National Center for Biotechnology Information, National Library of Medicine, National Institutes of Health, 8600 Rockville Pike, Bethesda, MD, 20894, USA.
BMC Bioinformatics. 2019 Jul 25;20(1):405. doi: 10.1186/s12859-019-2996-x.
Next-generation sequencing technologies can produce tens of millions of reads, often paired-end, from transcripts or genomes. But few programs can align RNA on the genome and accurately discover introns, especially with long reads. We introduce Magic-BLAST, a new aligner based on ideas from the Magic pipeline.
Magic-BLAST uses innovative techniques that include the optimization of a spliced alignment score and selective masking during seed selection. We evaluate the performance of Magic-BLAST to accurately map short or long sequences and its ability to discover introns on real RNA-seq data sets from PacBio, Roche and Illumina runs, and on six benchmarks, and compare it to other popular aligners. Additionally, we look at alignments of human idealized RefSeq mRNA sequences perfectly matching the genome.
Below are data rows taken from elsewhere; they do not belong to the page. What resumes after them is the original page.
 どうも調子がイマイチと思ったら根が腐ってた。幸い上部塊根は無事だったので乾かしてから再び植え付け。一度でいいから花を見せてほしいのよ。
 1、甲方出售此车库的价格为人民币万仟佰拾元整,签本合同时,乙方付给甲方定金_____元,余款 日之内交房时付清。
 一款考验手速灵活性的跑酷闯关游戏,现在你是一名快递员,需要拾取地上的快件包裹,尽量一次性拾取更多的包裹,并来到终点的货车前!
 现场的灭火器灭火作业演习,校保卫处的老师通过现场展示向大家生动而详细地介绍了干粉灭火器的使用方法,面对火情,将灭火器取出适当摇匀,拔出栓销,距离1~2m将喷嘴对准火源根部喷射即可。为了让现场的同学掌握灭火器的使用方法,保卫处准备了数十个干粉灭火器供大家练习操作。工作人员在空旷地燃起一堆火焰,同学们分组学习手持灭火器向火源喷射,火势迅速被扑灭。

We show that Magic-BLAST is the best at intron discovery over a wide range of conditions and the best at mapping reads longer than 250 bases, from any platform. It is versatile and robust to high levels of mismatches or extreme base composition, and reasonably fast. It can align reads to a BLAST database or a FASTA file. It can accept a FASTQ file as input or automatically retrieve an accession from the SRA repository at the NCBI.
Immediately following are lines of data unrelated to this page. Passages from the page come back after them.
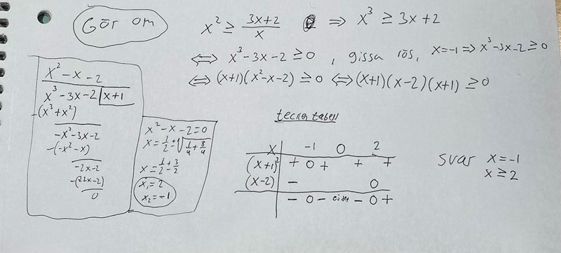 Korra skrev:Hej, varför får jag inte alla lösningar med följande metod? Ser i ursprungsolikheten att x<0 också är en lösning men inte i teckentabellen
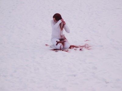 When asked about the video documentary of the performance “February will not Last Forever” presented in one of the artist's solo exhibitions in 101 gallery of VMU in spring of 2008, V. Tamoševičiūtė tells that she decided to picture the cutting of red hair on white snow as transition to a new status, as a change. The artist experienced a divorce at that time and wanted to get over it and move ahead. Red hair left on white snow was like purification.
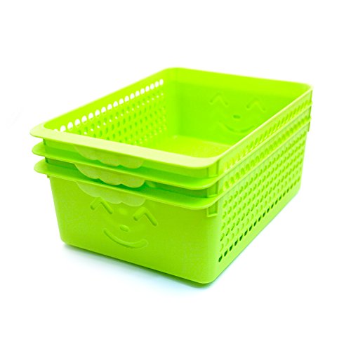 SMILE Storage Organizer Basket, for Multi Purpose, Bathroom, Health and Beauty Products, Bath Towels. (Green 24.5x34x14cm / 3set)
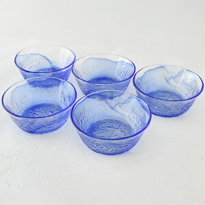涼しげな蒼い模様の入ったガラス製の小鉢5個セット。サラダや冷奴などの器として夏の食卓を華やかに彩ります。
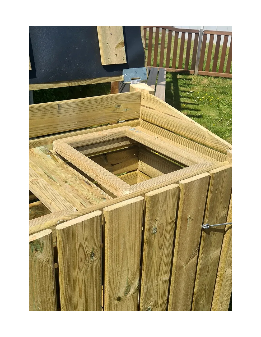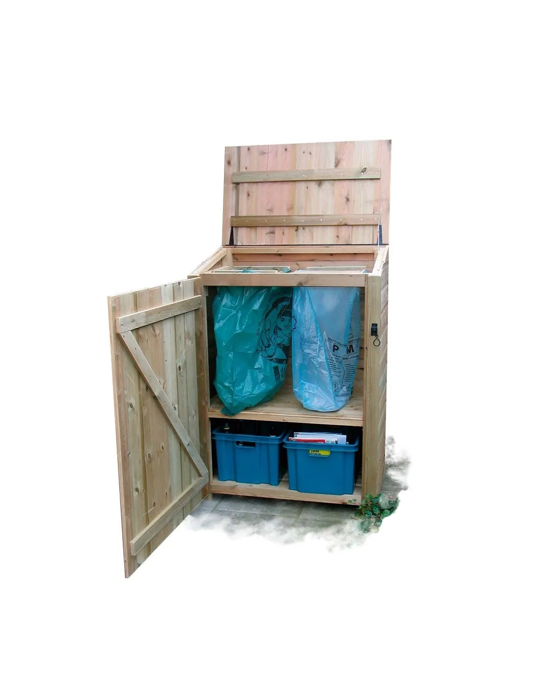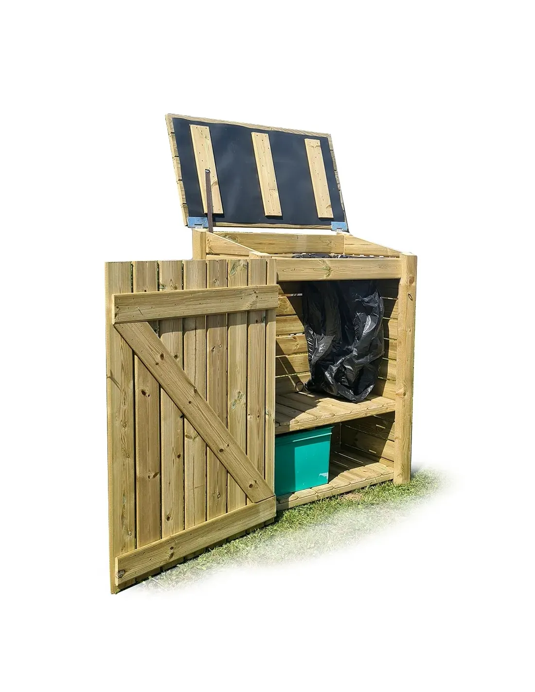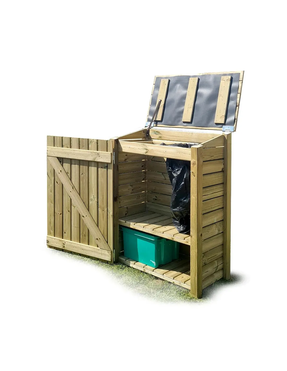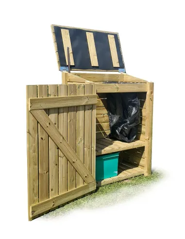 Optimaliseer de organisatie van je tuin met deze houten buitencontainer, gemaakt van Noord-Europees Rood Grenenhout dat door drukimpregnatie behandeld is. Perfect om je vuilnisbakken en -zakken op een elegante manier te verbergen en ze tegelijkertijd te beschermen tegen slecht weer en dieren. Deze container combineert stevigheid, duurzaamheid en een natuurlijke uitstraling.

下一代测序技术可以从转录本或基因组中产生数以千万计的读段,通常是成对的。但是,很少有程序可以在基因组上对 RNA 进行比对,并准确地发现内含子,尤其是对于长读段而言。我们介绍了 Magic-BLAST,这是一种基于 Magic 管道思路的新比对器。
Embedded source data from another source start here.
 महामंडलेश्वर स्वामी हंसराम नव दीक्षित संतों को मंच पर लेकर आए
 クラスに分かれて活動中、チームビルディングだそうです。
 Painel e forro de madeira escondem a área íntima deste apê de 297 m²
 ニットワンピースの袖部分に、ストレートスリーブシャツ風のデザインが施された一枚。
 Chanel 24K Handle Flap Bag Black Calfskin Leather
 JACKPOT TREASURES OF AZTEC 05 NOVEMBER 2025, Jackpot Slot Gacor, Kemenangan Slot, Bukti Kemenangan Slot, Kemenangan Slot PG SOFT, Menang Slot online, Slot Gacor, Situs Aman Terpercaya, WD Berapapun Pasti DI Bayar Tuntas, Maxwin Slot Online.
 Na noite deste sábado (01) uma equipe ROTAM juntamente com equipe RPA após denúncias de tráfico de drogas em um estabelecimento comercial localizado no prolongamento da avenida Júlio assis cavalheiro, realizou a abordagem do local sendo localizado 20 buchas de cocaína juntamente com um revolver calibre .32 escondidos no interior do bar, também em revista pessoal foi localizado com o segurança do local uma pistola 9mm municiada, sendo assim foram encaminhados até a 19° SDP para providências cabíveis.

Magic-BLAST 使用了一些创新技术,包括优化拼接比对得分和在种子选择期间进行选择性屏蔽。我们评估了 Magic-BLAST 准确映射短序列或长序列的性能,以及在 PacBio、Roche 和 Illumina 运行以及六个基准测试上发现内含子的能力,并将其与其他流行的比对器进行了比较。此外,我们还研究了与基因组完全匹配的人类理想化 RefSeq mRNA 序列的比对。
我们表明,Magic-BLAST 在广泛的条件下在发现内含子方面表现最佳,在映射长度超过 250 个碱基的读段方面表现最佳,无论来自哪个平台。它具有很强的通用性和鲁棒性,可以处理高错配率或极端碱基组成,并且速度合理。它可以将读段与 BLAST 数据库或 FASTA 文件对齐。它可以接受 FASTQ 文件作为输入,也可以自动从 NCBI 的 SRA 存储库中检索访问号。